The fact the significance of Europe’s last monument to fascism has taken so long to dismantle has inevitably had repercussions.

“The Valley of the Fallen and the general integration of Francoism into Spanish society has contributed to the fact that extreme right-wing views are now presented to the public as a reasonable option,” says González-Ruibal.

As if to illustrate his point, far-right Vox politician, Alejandro Vélez, has just stood up in Extremadura’s regional parliament to ask for a new statue of Franco to be erected on a roundabout in Badajoz.

But now it looks as though this enclave at least is to be stripped of its original purpose as the dig extends to the exhumation of Falangist leader José Antonio Primo de Rivera and the remains of Franco’s victims.

It is estimated that the 150-metre cross crowns a graveyard for 33,838 bodies, 12,410 of which were carted there from 1959 until as late as 1983, many without the knowledge or permission of the families.

Spain: Francisco Franco Exhumation
The “Valley of the Fallen”. Photo by Jorge Rey/Pacific Press

Packed into wooden boxes according to their region of origin, they were stored within the hollow walls of the Basilica where Franco lay across from Primo de Rivera until his controversial exhumation in 2019.

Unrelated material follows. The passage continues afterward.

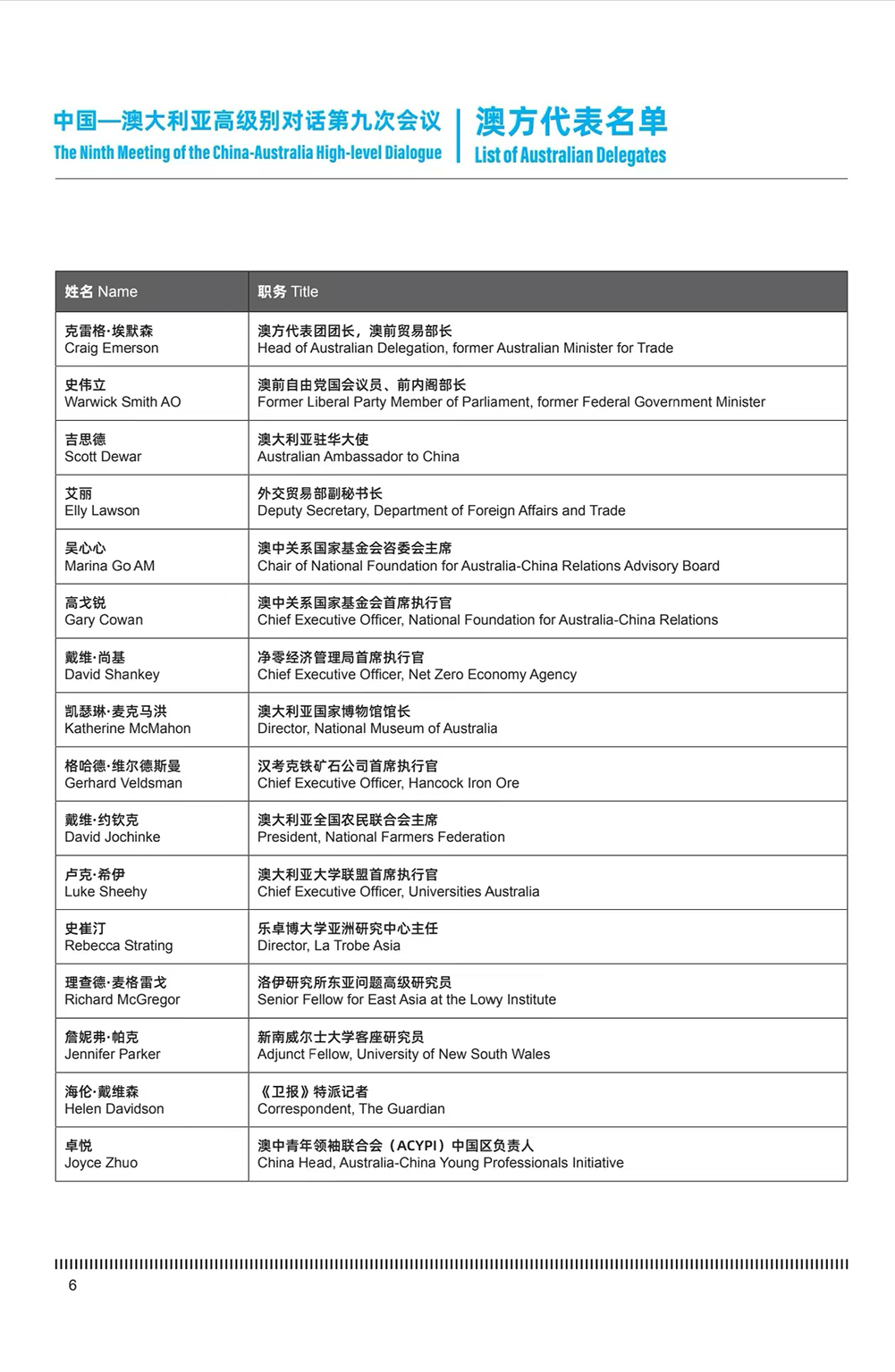 澳方代表團團長、前貿易部長埃默森表示,今年7月,澳大利亞總理阿爾巴尼斯連任後不久即對中國進行訪問,體現了澳方對澳中關係的高度重視。澳中雙方應加強對話,探討可以深化合作的領域,妥善管控存在的分歧。今年是澳中自貿協定生效實施10週年,兩國經濟高度互補,雙邊貿易額迅速增長。參加此次對話的澳方代表來自農業、資源、教育、衞生、智庫等各個領域,期待着同中方代表進行深入交流。

“Imagine an archive, but instead of books, its boxes of human remains,” says González-Ruibal.

A Jose Antonio Marco

Among those to be exhumed this month is José Antonio Marco (pictured above), a forward-thinking Republican and mason shot for his beliefs at the age of 30. 

His execution took place against the wall of the cemetery in Calatayud, Aragon, in 1936, after which he was buried in an unmarked mass grave nearby before being stealthily trucked in April 1959 to the Valley of the Fallen.

“On social media, someone said he was probably a thief and a murderer,” his great-niece, Silvia Navarro, 50, president of the Association of Families for the Exhumation of Republicans Buried in the Valley of the Fallen, tells The Olive Press.

“But he was a pacifist; a good man. He introduced the eight-hour day to his factory and healthcare for his workers.”

What was left of his corpse more than 23 years later would have been “dug up carelessly as if it were a field of potatoes,” says González-Ruibal who explains that Franco urgently needed Republican corpses to fulfil his revised vision for his magnum opus as a place of reconciliation between the two sides of the Spanish Civil War.

The battle to get Marco and other Republicans out of the Valley started in 2009, taking 60 families through the entire Spanish judicial system to the Human Rights Court in Strasbourg. Of the 60, the Lapeña family was the first to win the right to have the remains of brothers, Manuel and Antonio Lapeña, returned to them.

But five years later, they are still waiting, as are the rest of the families who finally achieved a breakthrough three months ago. 

“It’s a basic human right, no? To honour your dead?” says Navarro (pictured below), who explains that there are still six of the victims’ children living – now in their late 80s and 90s and losing their memories.

C Silvia Navarro

For a memorial that has embodied Spain’s hangover from the Civil War and the withdrawal of basic human rights, “purgatory” seems to sum it up.